--- The input ---
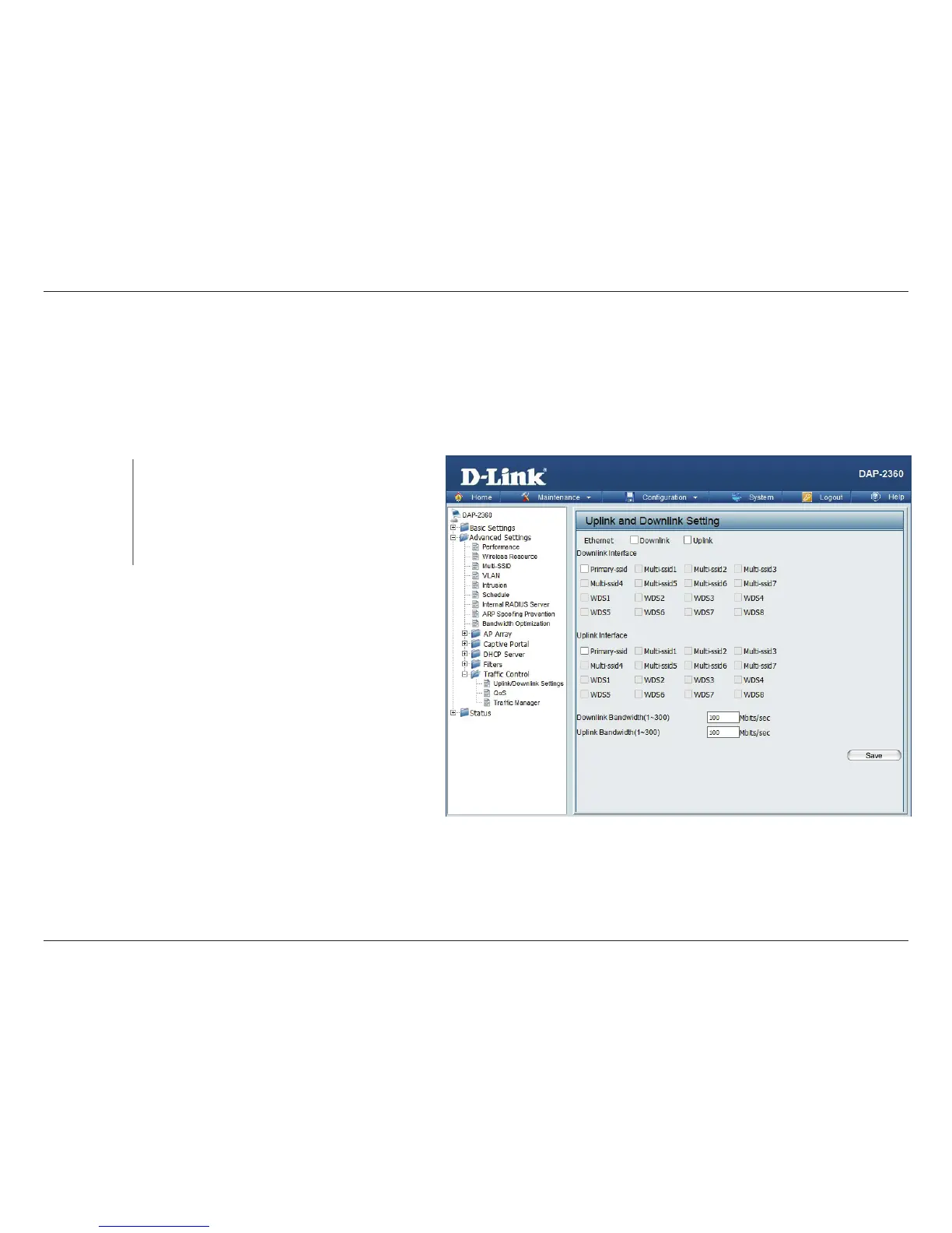 uplink and downlink settings are nished, click the Save button to let your changes take eect.
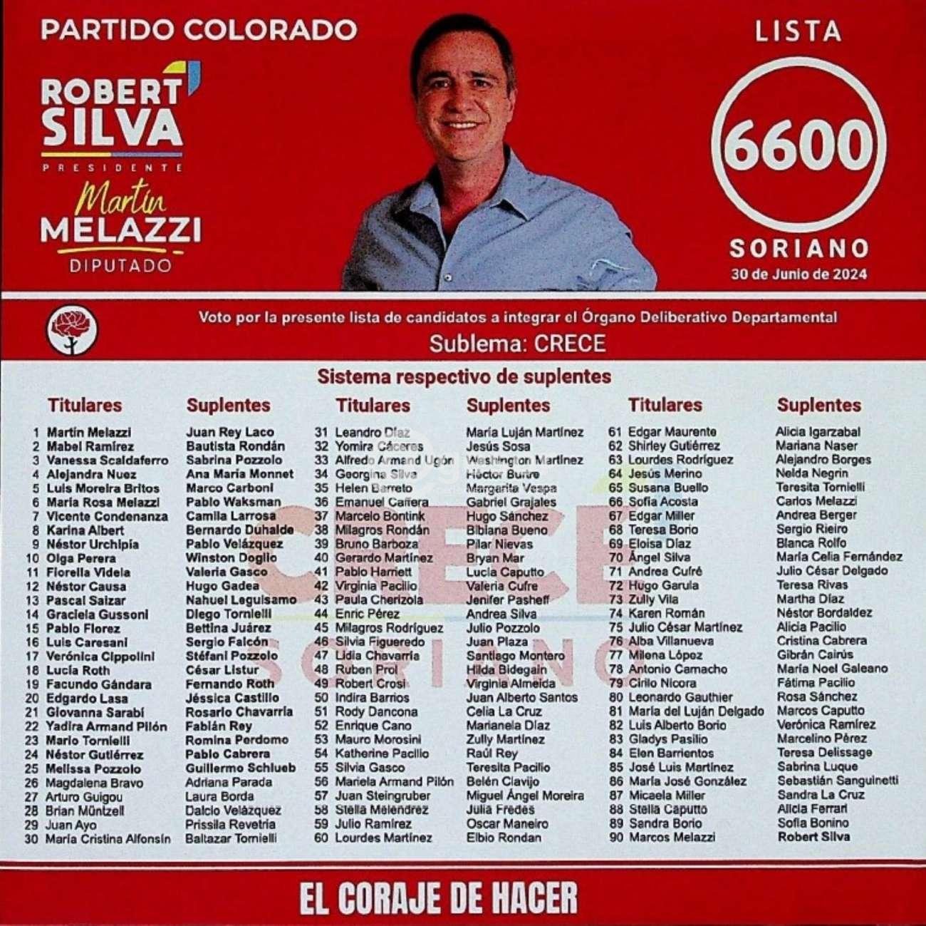 Martín Melazzi en lo departamental y su apoyo a la precandidatura presidencial de Robert Silva en las Listas 6600 y 6 respectivamente son opciones para los colorados.
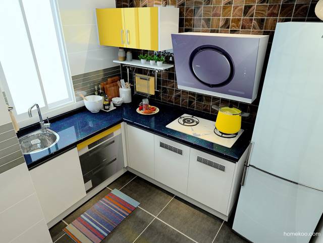 吊柜:相对于地柜来说,就简单多了;通常由收纳柜和油烟机组合而成。
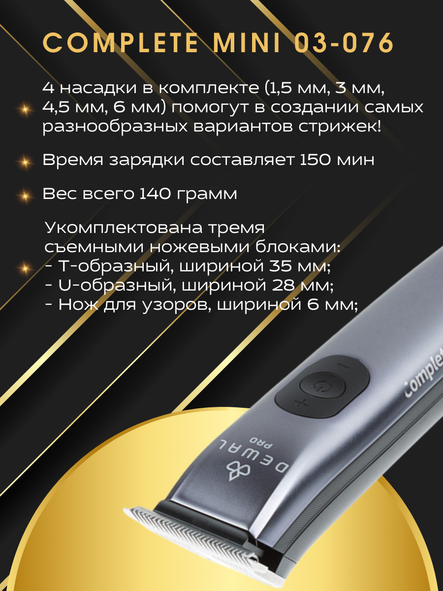 Машинка для стрижки окантовочная DEWAL PRO COMPLETE MINI, 5000-7000 оборотов минуту, 3 ножа, 0.5 мм, 4 насадки 03-076
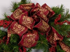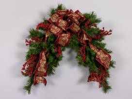 28" green swag with large burgundy and gold bow and ribbon and red and gold berries
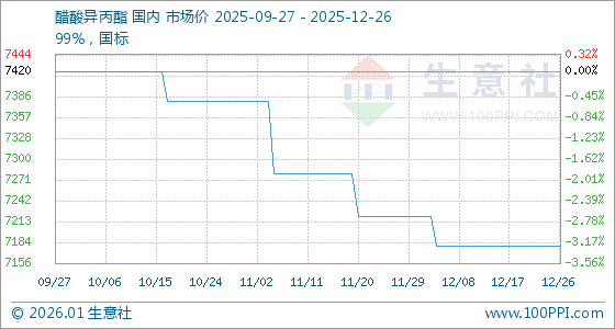 12月26日,生意社醋酸异丙酯基准价为7180.00元/吨,与本月初(7220.00元/吨)相比,下降了0.55%。
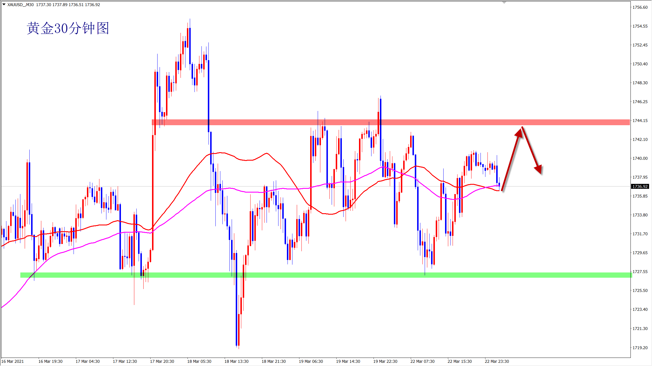 昨日鲍威尔表示复苏快于预期,经济增长势头将要增强,拜登总统将要推出3万亿美元的基建计划,旨在提振美国经济,并且声明美联储仍会提供支持,受这些消息面的影响,昨日美元的走势上冲无力,技术面走势依然还是维持震荡 目前黄金技术面短期的走势依然还是一个偏向小幅度的多头反弹上涨走势,目前技术面短期黄金维持在
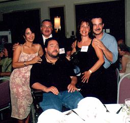 (Table 3: Seated: Jamie Lembeck-'71; Standing: Angela Rubin (friend), Michael Proper-'71, friend of Peter Lembeck, Peter Lembeck (brother)) |
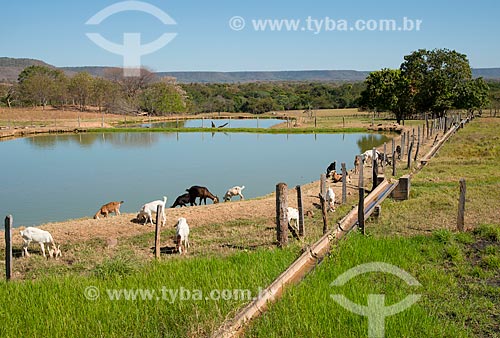 [+] agribusiness, [+] agricultural industries, [+] agro-cattle-raising, [+] animal, [+] Bahia, [+] billy-goat, [+] Capra aegagrus hircus, [+] corral, [+] farm, [+] fence, [+] goat, [+] grass, [+] herd, [+] irrigation canal, [+] lake, [+] landscape, [+] livestock, [+] mammal, [+] Northeast Region, [+] pasture, [+] rural landscape, [+] rural property, [+] rural zone, [+] agriculture, [+] channel
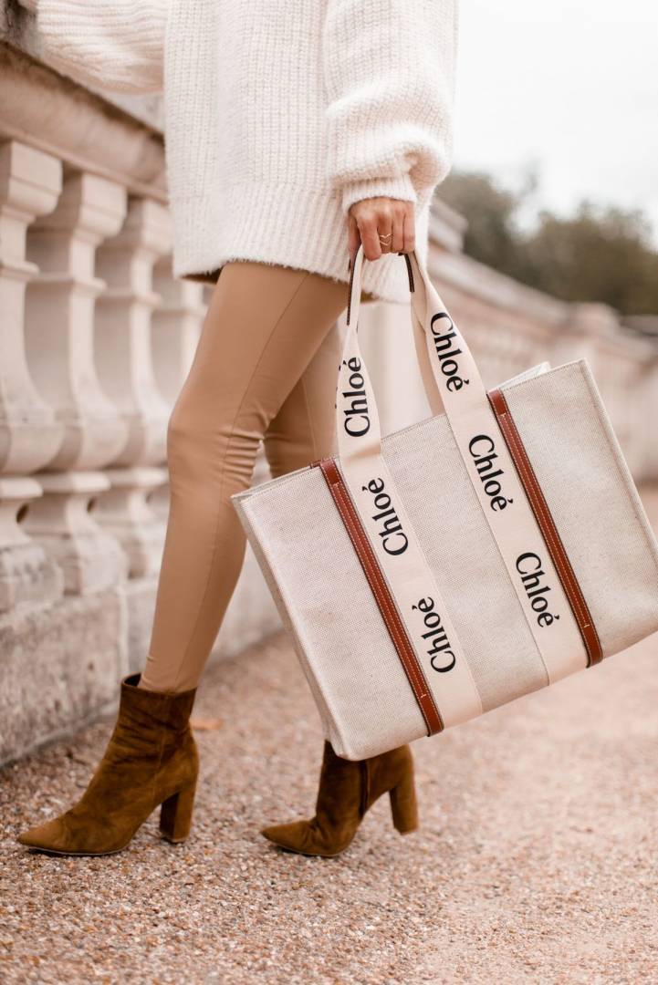 Chloe canvas tote bag with dust bag(688-1 biege)
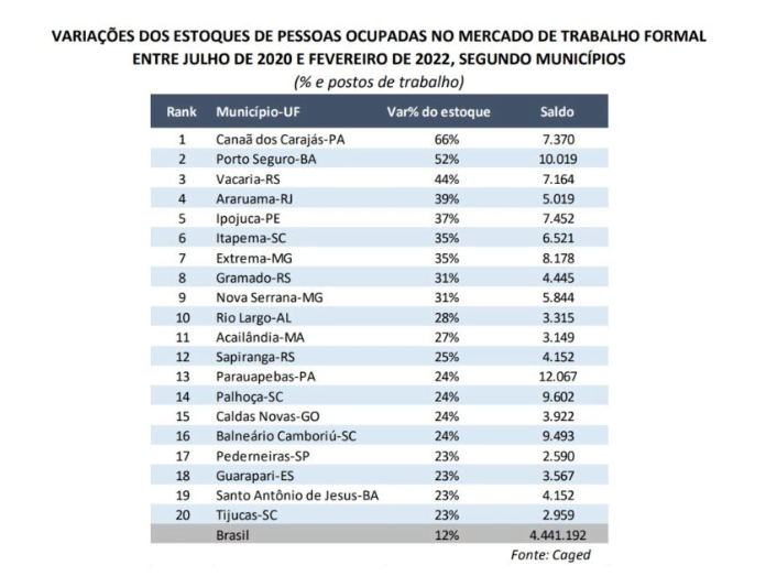 O terceiro empregador do setor é a Bahia, que criou 4,25 mil postos nos cinco primeiros meses do ano, encerrando maio com 39,94 mil pessoas empregadas na atividade, 31% mais do que no mesmo mês de 2021.
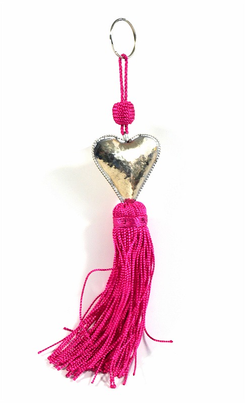 Porte-clés artisanal coeur en métal argenté ciselé et pompon en sabra - Fushia - REF. 29792 (6.90 €)
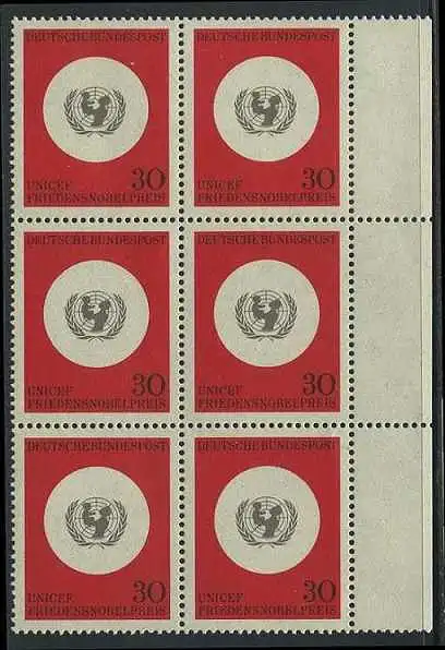 BUND 1966 Michel-Nummer 0527 postfrisch vert.BLOCK(6) RÄNDER rechts
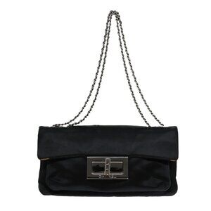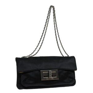CHANEL Chain Shoulder Bag Satin Black CC Auth
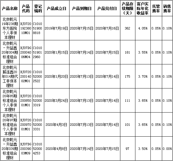 中国建设银行理财产品终止及清算公告2020年7月20日
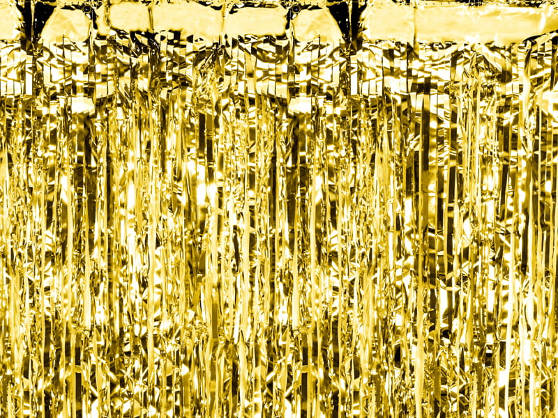 Kurtyna Party w kolorze złotym, szerokość około 90 centymetrów, wysokość około 250 centymetrów.
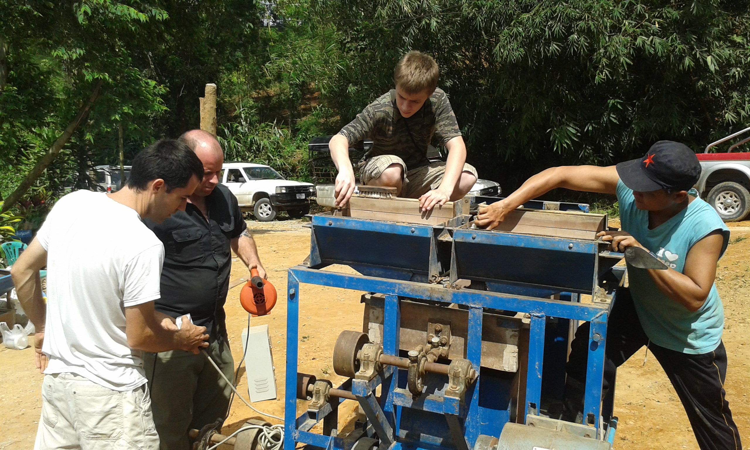 After a night of talking and catching up on old times, we got up the next morning and went to work disassembling the rice mill. The base had literally been cemented into place. This was by far the hardest part of taking down the mill. We all took turns chipping away at the concrete in between removing the nuts and bolts of the mill itself. After about four hours of non-stop work, the mill was apart, the base free of the concrete, and everything loaded into the back our two trucks. It was time to move on to Chiang Mai.
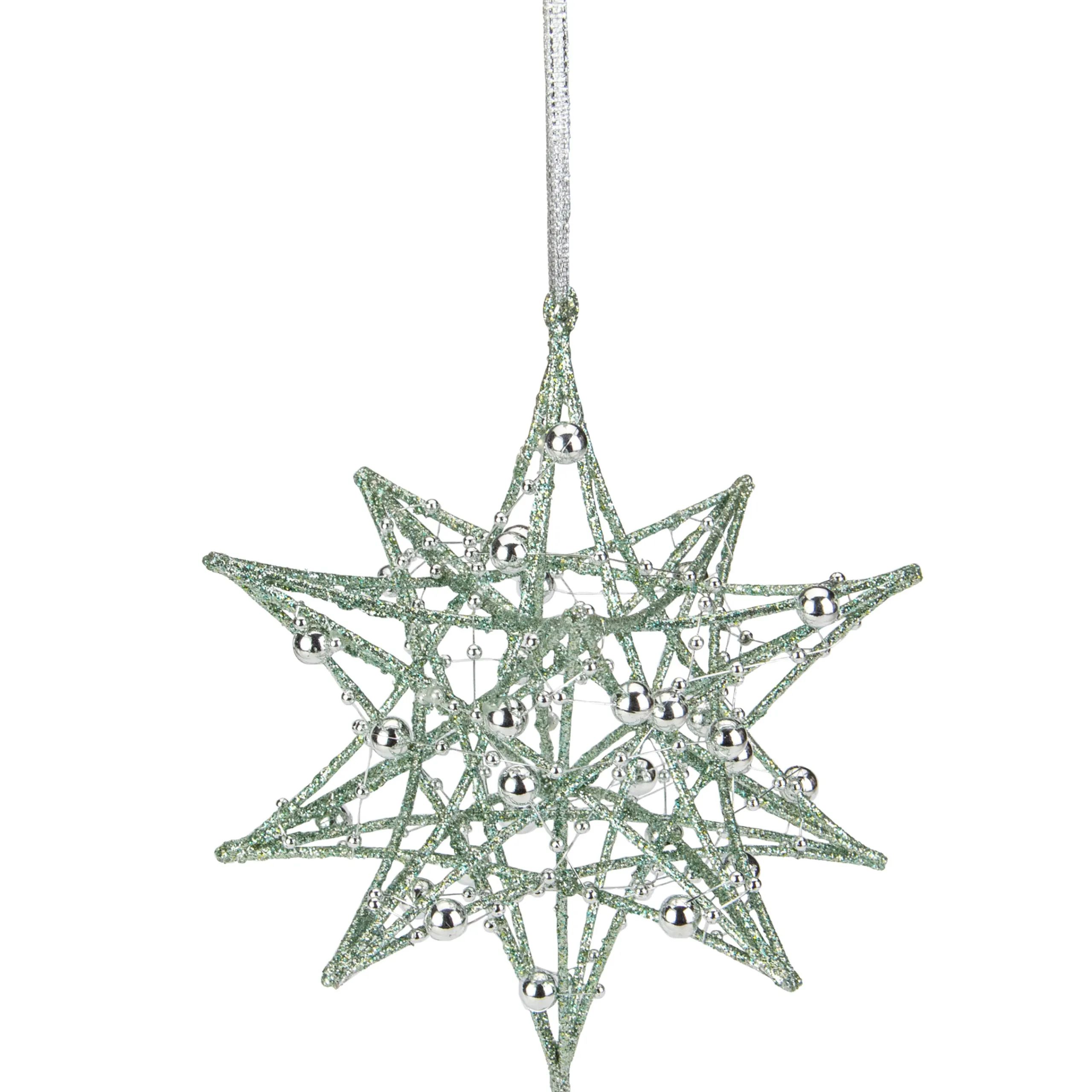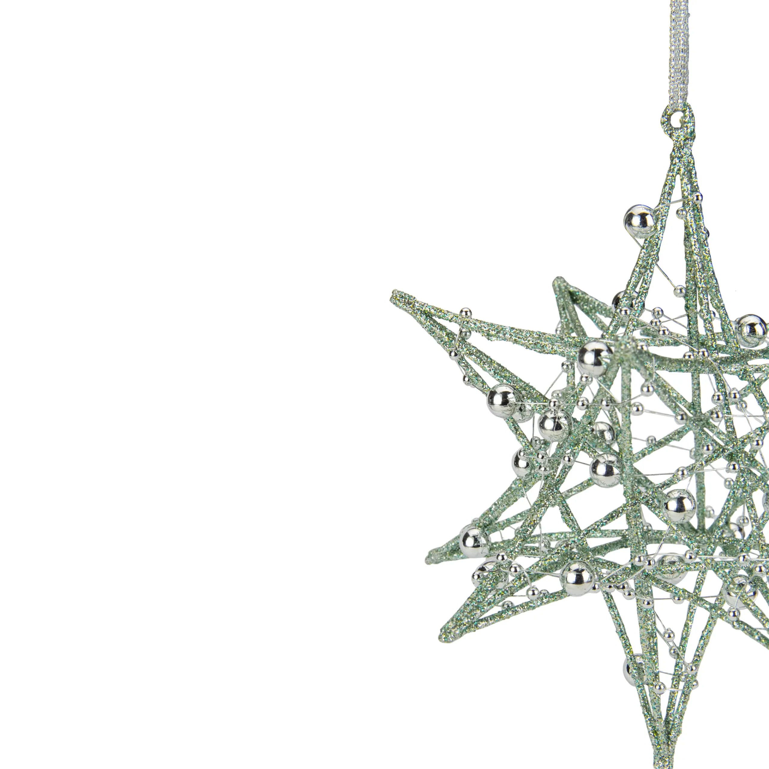 Northlight Stars>5″ Glitter Green Iron Wire Starburst With Beads Christmas Ornament
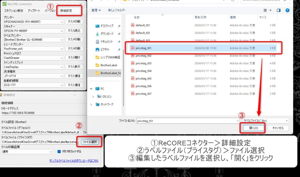 ReCOREコネクターの詳細設定でラベルファイルを設定する手順
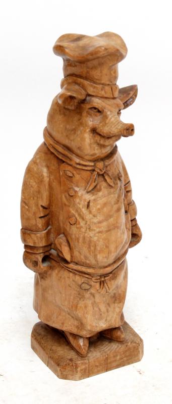 Lot 61 of 2312: A carved wooden novelty figure of a pig wearing chefs' whites, height 64cm.
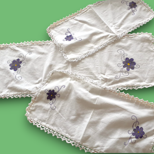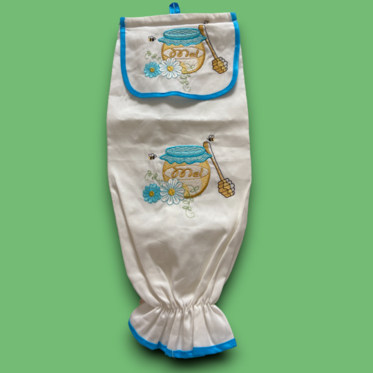 Pano de cozinha pintado à mão com renda feita ao ombro
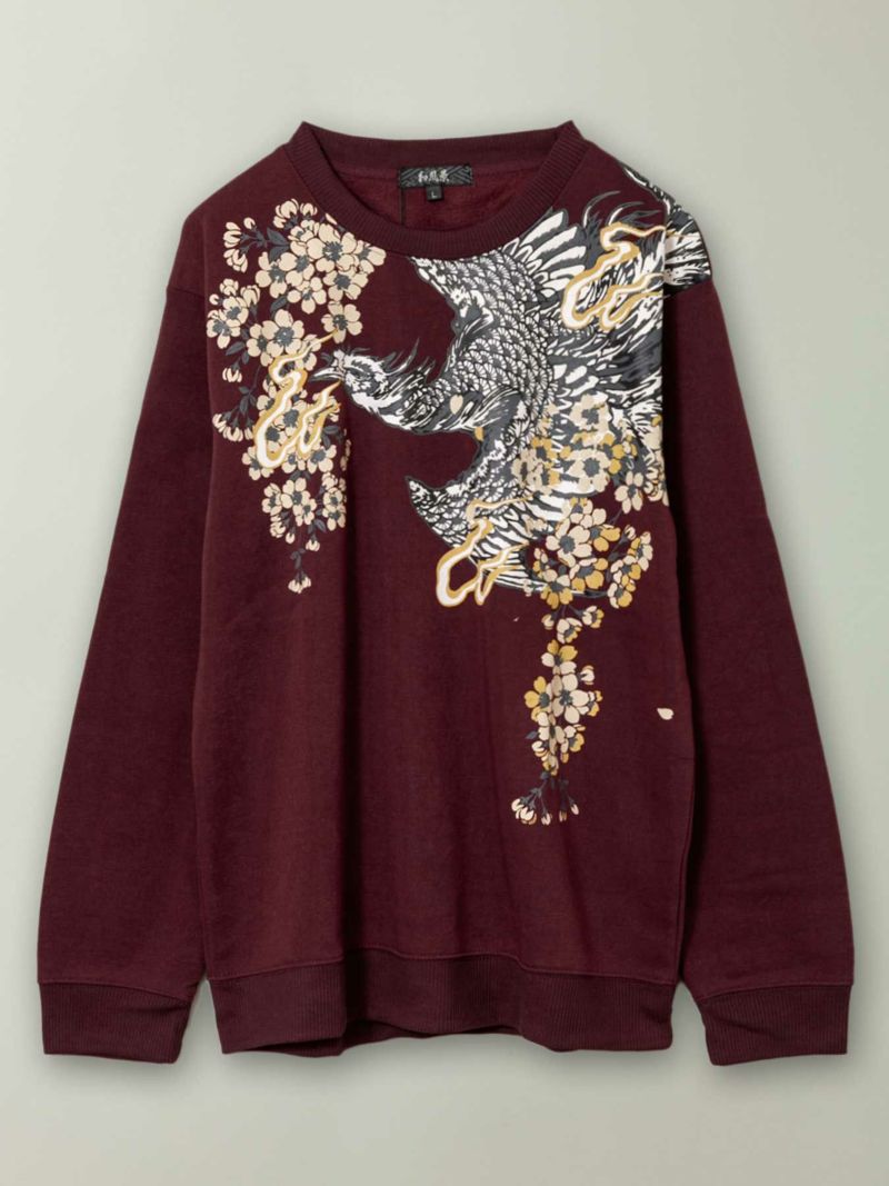 “桜鳳凰”プリント入り裏起毛トレーナー≪返品・取寄対応不可≫
---
Transcribe exactly the lines above, beginning at the one with "(Table 3: Seated: Jamie" and going up to and including the one with "Kurtyna Party w". Pictures do not belong in the copy.

**Response to this exercise:**
 (Table 3: Seated: Jamie Lembeck-'71; Standing: Angela Rubin (friend), Michael Proper-'71, friend of Peter Lembeck, Peter Lembeck (brother)) |
 [+] agribusiness, [+] agricultural industries, [+] agro-cattle-raising, [+] animal, [+] Bahia, [+] billy-goat, [+] Capra aegagrus hircus, [+] corral, [+] farm, [+] fence, [+] goat, [+] grass, [+] herd, [+] irrigation canal, [+] lake, [+] landscape, [+] livestock, [+] mammal, [+] Northeast Region, [+] pasture, [+] rural landscape, [+] rural property, [+] rural zone, [+] agriculture, [+] channel
 Chloe canvas tote bag with dust bag(688-1 biege)
 O terceiro empregador do setor é a Bahia, que criou 4,25 mil postos nos cinco primeiros meses do ano, encerrando maio com 39,94 mil pessoas empregadas na atividade, 31% mais do que no mesmo mês de 2021.
 Porte-clés artisanal coeur en métal argenté ciselé et pompon en sabra - Fushia - REF. 29792 (6.90 €)
 BUND 1966 Michel-Nummer 0527 postfrisch vert.BLOCK(6) RÄNDER rechts
CHANEL Chain Shoulder Bag Satin Black CC Auth
 中国建设银行理财产品终止及清算公告2020年7月20日
 Kurtyna Party w kolorze złotym, szerokość około 90 centymetrów, wysokość około 250 centymetrów.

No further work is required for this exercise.